[Python-Dev] PEP 435 - ref impl disc 2

Glenn Linderman v+python at g.nevcal.com
Mon May 6 00:57:57 CEST 2013

On 5/5/2013 6:07 AM, Ethan Furman wrote:
> class NEI( NamedInt, Enum ):
>     x = NamedInt('the-x', 1 )
>     y = NamedInt('the-y', 2 )
>     @property
>     def __name__(self):
>         return self.value.__name__

This cured it, thank you.  But I really still don't understand why the 
numbers showed up as names... seems to me that either the name of the 
enumeration member, or the name of the NamedInt should have showed up, 
without this property definition.

The PEP is the only documentation I had, other than the reference 
implementation, but I can't say I fully understand the reference 
implementation, not having dealt with metaclass much. Hopefully the 
documentation will explain all the incantations necessary to make things 
work in an expected manner. I guess I don't understand why Enum can't 
wrap the __str__ and __repr__ of the type of the mixed class, instead of 
replacing it, and then forcing overrides in subclasses.

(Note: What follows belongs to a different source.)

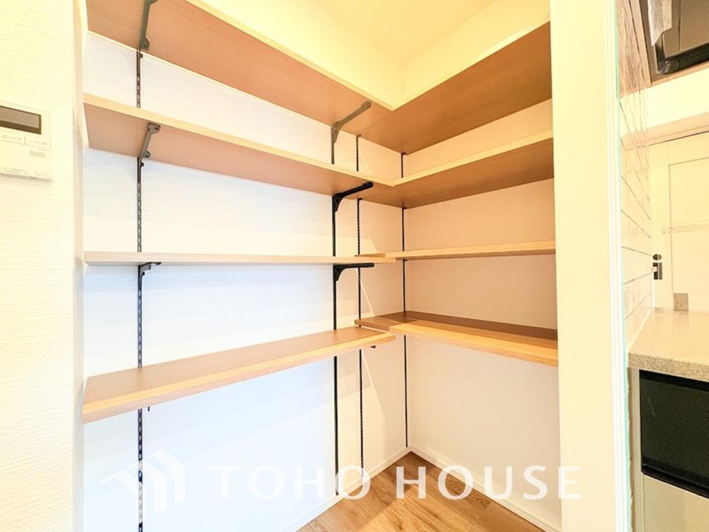 キッチン横にはパントリーを完備。ついつい買いすぎてしまった日用品や食料品のストックなどに。

But empirically, it didn't seem to be __str__ and __repr__ that caused 
the visible problem, it was __name__. So you asked why would I want to 
put a named object as the value of something else with a name... and 
that is a fair question... really I don't... but I see one of the 
beneficial uses of Enum being collecting flags values together, and 
constructing a flag that is useful for debugging (has a name or 
expression telling what the values are).  So while the PEP thinks 
IntEnum is an odd case, I think it is important. And since IntEnum loses 
its name when included in an expression, I was trying to marry it to 
NamedInt to fill the gap.

So you asked why would I want to put a named object as the value of 
something else with a name... maybe Enum should make provision for 
that... if the primary type ( Int for IntEnum, NamedInt for 
NamedIntEnum) happens to have a __name__ property, maybe the name of 
enumeration members should be passed to the constructor for the 
members... in other words,

class NIE( NamedInt, Enum ):
         x = 1
         y = 2

could construct enumeration members x and y whose values are 
NamedInt('x', 1) and
NamedInt('y', 2)...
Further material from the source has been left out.